WHAT IS BEING ASKED: Your answer must be an exact copy of the records below, with every picture left out.

SUPPLIED MATERIAL:
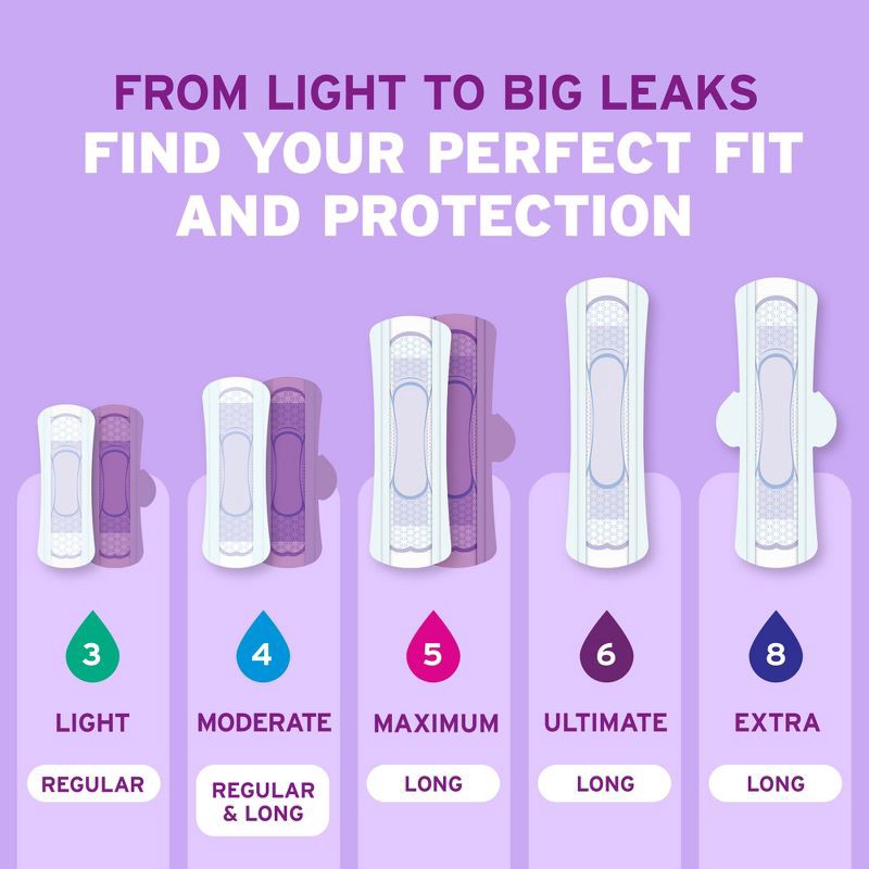 - DESIGNED TO KEEP YOU DRY: Our ultra thin incontinence pads have a Dry-Touch layer that rapidly locks away more* wetness for a clean feel (*vs. leading period pads, 24 ml of fluid)
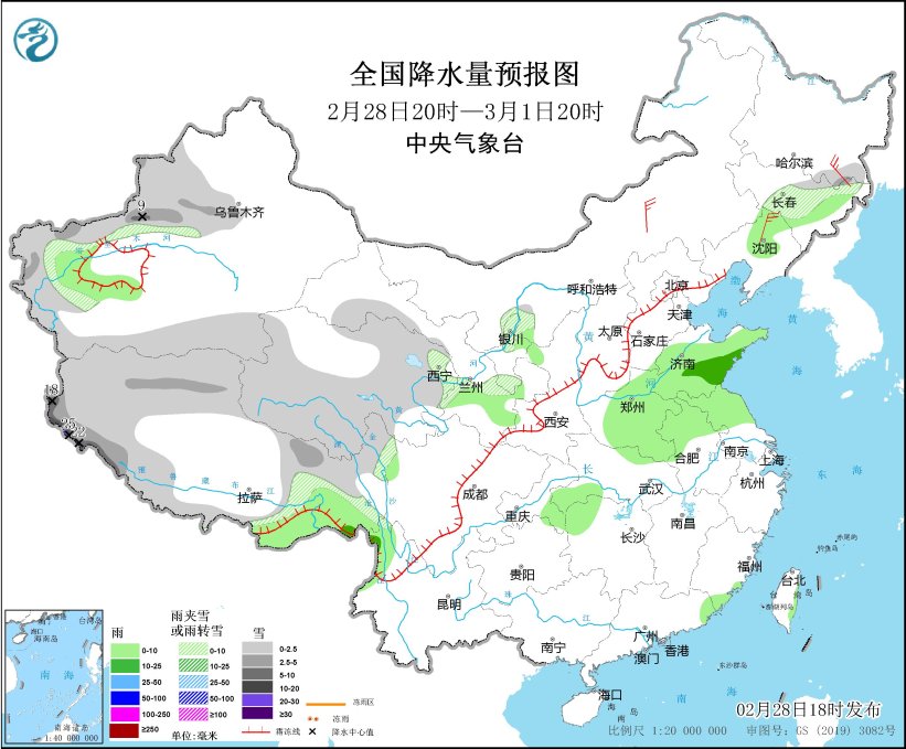 圖5 全國降水量預報圖(2月28日20時-3月1日20時)
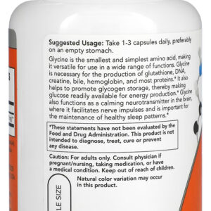 Glicina 1000mg Now Foods 100 Cápsulas Vegetarianas – Importado
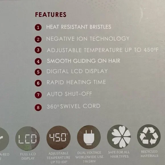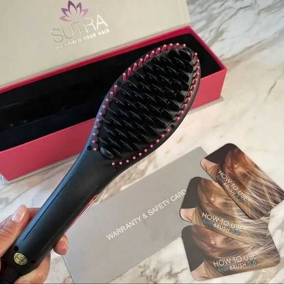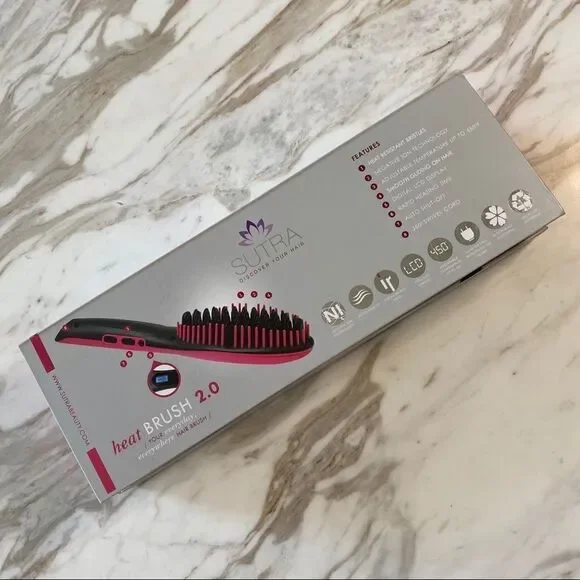 Sutra Pink Ionic Heat Brush 2.0 FULL SIZE *Majorly Discounted*Heats up to 450FAdjustable Digital Temp.Silicone Tip BristlesRapid Heat timeAuto Shut-off360 swivel cordDual VoltageAll hair typesStraighten &smooth your hair with Negative Ion Technology- results that leave hair sleek, shiny, and lustrous.Infra-Red Heat ensures temperature level is consistently maintained.New in box, with warranty booklet & instruction cards.Tested to ensure it works (see pics) and everything is A-ok!
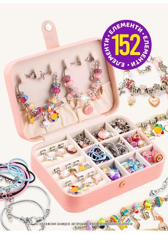 🎁 Набір для створення прикрас з шкатулкою – готовий подарунок, який дівчатка не забудуть 🌸 Цей набір для створення браслетів і прикрас стане справжнім захопленням для юної майстрині. Усе продумано до дрібниць: 152 елементи, стильна скринька для прикрас, подарунковий пакет — комплект повністю готовий до вручення! Яскравий дизайн, велика кількість деталей та естетична упаковка роблять цей набір для творчості ідеальним подарунком на День народження, 8 березня, Новий рік чи будь-яке інше свято. ✨ Переваги набору: -ідеальний подарунок – виглядає яскраво, стильно й “по-дорослому” -естетична привабливість – шкатулка виглядає як Pandora і викликає захват -унікальний дизайн – подібних рішень немає у конкурентів -готовий комплект – не потрібно шукати пакування чи листівку -розвиває дрібну моторику, фантазію, уяву, почуття стилю, посидючість -зручна скринька для прикрас – для зберігання або гри в дорозі -гіпоалергенні, безпечні матеріали – можна використовувати дітям від 4 років 👜 Шкатулка має розмір 11 х 15.8 х 5 см – зручно зберігати всі бусинки на браслет або використовувати як органайзер для вже готових прикрас. Матеріал водовідштовхувальний — набір зручно брати з собою в подорож, на свята чи до подружок. Подарунковий пакет має розмір 21 х 15 х 8 см — із ним набір одразу виглядає святково й ошатно. 📦 Комплектація: 50 шт скляних намистинок, 30 шт підвісок, 40 шт металевих шармів, 6 шнурочків на підвіски (2 рожеві, 2 сині, 2 чорні), 6 металевих браслетів – довжина від 16 см до 21 см, 19 силіконових стоперів, 1 палетка наклейок. 💖 Цей набір для виготовлення прикрас — не просто забавка, а справжній досвід радості та натхнення. Він дарує не лише прикраси, а й час, який дівчинка проводить у захопленій творчості. Це чудовий набір для браслетів з намистин, з яким можна створити унікальний подарунок для себе, мами чи подруги. Можна змінювати підвіски, додавати нові бусинки на браслет і вигадувати власний стиль. 🎉 Замовляйте зараз — і отримаєте набір для створення прикрас, який точно запам’ятається. Готовий подарунок, який дарує щирі емоції, розвиток фантазії та безліч прикрас, зроблених власноруч.
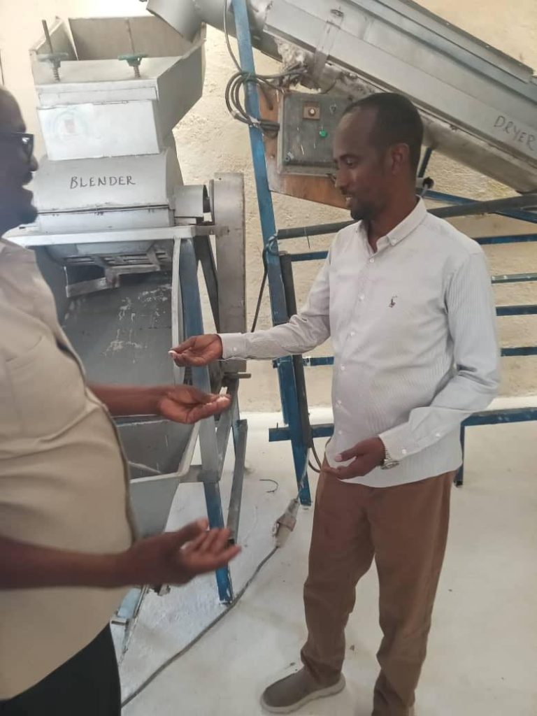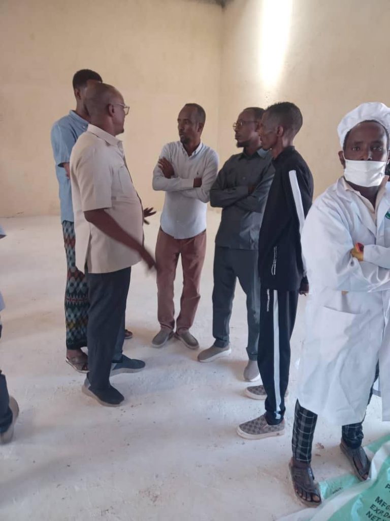 Mas’uuliyiin uu Hoggaaminayay Maareeyaha Wakaaladda Dabagalka Cunnada, Dawooyinka iyo Adeegyada Caafimaadka DDS, Mudane C/laahi Maxamuud Ayaa Booqasho iyo indha-indhayn Ku Tagay Warshadda Milixda ee Iskaashatada Barwaaqo ee Degmada Hargeele.
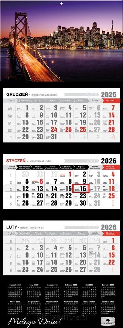 Kalendarz Trójdzielny PREMIUM Z WYPUKŁĄ GŁÓWKĄ. Format 315/810mm. Trzy komplety klasycznych kalendariów z przesuwnym okienkiem. Główka z otworem wierconym. Dodatkowo nazwy miesiąca i dni tygodnia w języku Ukraińskim, Angielskim i Niemieckim. Kalendarium dodatkowo zawiera fazy księżyca i znaki zodiaku. Dużo miejsca do notowania, czytelne duże litery i cyfry. DODATKOWO PRZEDŁUŻONE PLECKI KOLOREM DOPASOWANE DO WZORU ZE SKRÓCONYM KALENDARIUM NA ROK 2026.

EXERCISE OUTPUT:
 - DESIGNED TO KEEP YOU DRY: Our ultra thin incontinence pads have a Dry-Touch layer that rapidly locks away more* wetness for a clean feel (*vs. leading period pads, 24 ml of fluid)
 圖5 全國降水量預報圖(2月28日20時-3月1日20時)
 Glicina 1000mg Now Foods 100 Cápsulas Vegetarianas – Importado
 Sutra Pink Ionic Heat Brush 2.0 FULL SIZE *Majorly Discounted*Heats up to 450FAdjustable Digital Temp.Silicone Tip BristlesRapid Heat timeAuto Shut-off360 swivel cordDual VoltageAll hair typesStraighten &smooth your hair with Negative Ion Technology- results that leave hair sleek, shiny, and lustrous.Infra-Red Heat ensures temperature level is consistently maintained.New in box, with warranty booklet & instruction cards.Tested to ensure it works (see pics) and everything is A-ok!
 🎁 Набір для створення прикрас з шкатулкою – готовий подарунок, який дівчатка не забудуть 🌸 Цей набір для створення браслетів і прикрас стане справжнім захопленням для юної майстрині. Усе продумано до дрібниць: 152 елементи, стильна скринька для прикрас, подарунковий пакет — комплект повністю готовий до вручення! Яскравий дизайн, велика кількість деталей та естетична упаковка роблять цей набір для творчості ідеальним подарунком на День народження, 8 березня, Новий рік чи будь-яке інше свято. ✨ Переваги набору: -ідеальний подарунок – виглядає яскраво, стильно й “по-дорослому” -естетична привабливість – шкатулка виглядає як Pandora і викликає захват -унікальний дизайн – подібних рішень немає у конкурентів -готовий комплект – не потрібно шукати пакування чи листівку -розвиває дрібну моторику, фантазію, уяву, почуття стилю, посидючість -зручна скринька для прикрас – для зберігання або гри в дорозі -гіпоалергенні, безпечні матеріали – можна використовувати дітям від 4 років 👜 Шкатулка має розмір 11 х 15.8 х 5 см – зручно зберігати всі бусинки на браслет або використовувати як органайзер для вже готових прикрас. Матеріал водовідштовхувальний — набір зручно брати з собою в подорож, на свята чи до подружок. Подарунковий пакет має розмір 21 х 15 х 8 см — із ним набір одразу виглядає святково й ошатно. 📦 Комплектація: 50 шт скляних намистинок, 30 шт підвісок, 40 шт металевих шармів, 6 шнурочків на підвіски (2 рожеві, 2 сині, 2 чорні), 6 металевих браслетів – довжина від 16 см до 21 см, 19 силіконових стоперів, 1 палетка наклейок. 💖 Цей набір для виготовлення прикрас — не просто забавка, а справжній досвід радості та натхнення. Він дарує не лише прикраси, а й час, який дівчинка проводить у захопленій творчості. Це чудовий набір для браслетів з намистин, з яким можна створити унікальний подарунок для себе, мами чи подруги. Можна змінювати підвіски, додавати нові бусинки на браслет і вигадувати власний стиль. 🎉 Замовляйте зараз — і отримаєте набір для створення прикрас, який точно запам’ятається. Готовий подарунок, який дарує щирі емоції, розвиток фантазії та безліч прикрас, зроблених власноруч.
 Mas’uuliyiin uu Hoggaaminayay Maareeyaha Wakaaladda Dabagalka Cunnada, Dawooyinka iyo Adeegyada Caafimaadka DDS, Mudane C/laahi Maxamuud Ayaa Booqasho iyo indha-indhayn Ku Tagay Warshadda Milixda ee Iskaashatada Barwaaqo ee Degmada Hargeele.
 Kalendarz Trójdzielny PREMIUM Z WYPUKŁĄ GŁÓWKĄ. Format 315/810mm. Trzy komplety klasycznych kalendariów z przesuwnym okienkiem. Główka z otworem wierconym. Dodatkowo nazwy miesiąca i dni tygodnia w języku Ukraińskim, Angielskim i Niemieckim. Kalendarium dodatkowo zawiera fazy księżyca i znaki zodiaku. Dużo miejsca do notowania, czytelne duże litery i cyfry. DODATKOWO PRZEDŁUŻONE PLECKI KOLOREM DOPASOWANE DO WZORU ZE SKRÓCONYM KALENDARIUM NA ROK 2026.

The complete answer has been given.